Monday, February 5, 2018

Walking


Concerned about a long spell of declining physical activity, I recently started taking long walks each morning. Wherever I’m going, either walking or driving, the dog rarely stays behind and Farina has been my companion on these ambles through the dust and weed along the back roads of Oak Hill, Florida. I had long thought that walking the rural dirt roads out here for any distance would be tantamount to a stroll through hell. I imagined myself choked with dust, savaged by mosquitos and their biting brethren and tormented by heat and humidity. None of that has proven to be close to the reality I’ve discovered. Fact is, my walks have all been in the kinder seasons of what passes for autumn and winter at this southern latitude. On several walks I’ve been protected from a January chill by long sleeves, and on one occasion even left home wrapped in a scarf and gloves. But those occasions are fewer than the days when I get by in nothing heavier than jeans and a T-shirt. I suspect that come summertime, the walks will bring me closer to that imagined stroll through hell. For now, it’s all pretty much a soothing passage through pastoral sights colored by horses, goats, a herd of burros and staring cows. And some rather nasty winged creatures.
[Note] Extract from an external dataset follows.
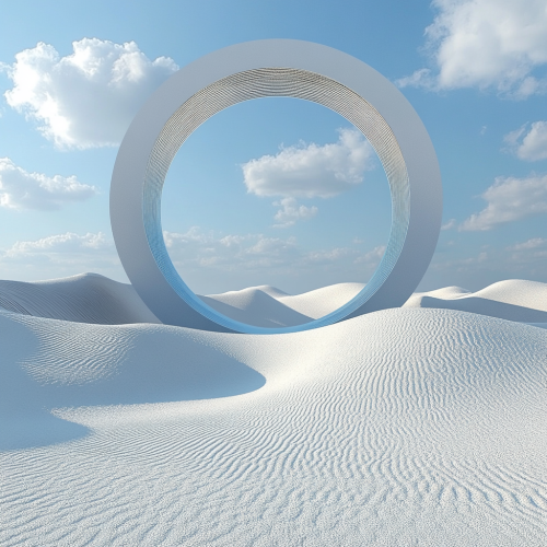 Abstract background with blue andwhite desert waves, and a large round window, rendered in the style of Cinema 4D, with a minimalistic design and simple geometric shapes. A calm landscape with light reflection on the surface of sand, creating a futuristic atmosphere. The blue sky is dotted with clouds, and the natural lighting contributes to the tranquil mood

An almost daily sight on the roads I follow is the black vulture. Few would call these ominous looking and foul-smelling birds a pretty sight, feeding as they do on road-kill or dead animals in pastures. Florida wildlife experts describe black vultures as aggressive, on occasion killing or injuring lambs, calves, cows giving birth, or other incapacitated livestock. It may be true that under the right circumstances they are aggressive birds but they waste no time in getting airborne when my big dog comes loping toward them. Last week I came upon a dozen or so vultures feeding on a threesome of large leg bones, by then all but stripped bare. When I got a closer look, it was easy to see that the bones were parts of a discarded deer carcass. Apparently, an uncaring hunter cut off the desired parts and tossed the remainder on the roadside. Some hunters in these woods don’t follow the rules.

A favorite sight along these walks is a small pond at road’s edge, a watery refuge that suddenly appears from behind a spray of palmetto fronds and always seems so placid and inviting. It is obviously a pond created from the run off of a larger pond across the road but the larger one lacks the secluded charm of its smaller offshoot. I stop without fail each time to gaze for a minute at the pretty scene. I’ve never seen more than a solitary duck drifting on the water’s surface, a graceful shape slipping in and out of the reeds. It all looks peaceful enough but in this area an alligator could float to the surface at any moment. 


Not far from the pretty pond is a small detail in the road that I noticed only after a dozen or more passings. The road in this case is blacktopped and while old, ragged and worn, it offers a different feel after a couple of miles on dirt with the ever-present potholes and washboard surface. And In the surface of that worn blacktop road is an unexpected and out of place accident of design. I’ve puzzled over it and can’t figure how it came to be there. Anyone would recognize it as a leaf shape set into the road but this one is different.


I’ve seen examples of images burned onto a surface in the case of a sudden and intense flash of heat. The first time I saw the leaf shape in the road I thought of that. But a closer look reveals that the image is pebbled and either hammered or pressed into the road surface. It resembles a maple leaf but has only four points to a maple’s five. How that leaf shape came to be in the blacktop is something of a  mystery.

A shorter walk from home in the opposite direction leads to a bee colony at the end of my road where it dwindles to little more than a trail. A junk baron in town owns the land down there and probably inherited the hives from a previous owner. Once every week or two a truck comes to collect the honey-filled frames and carry them to where the honey is bottled. A gift bottle arrived at my gate one day so I can attest to the honey’s goodness. It came from a neighbor who earned two dozen bottles of free honey a while back for scaring off a trio of honey thieves who thought no one was around. Since then the junk baron keeps my neighbor in shotgun shells to ward off potential thieves.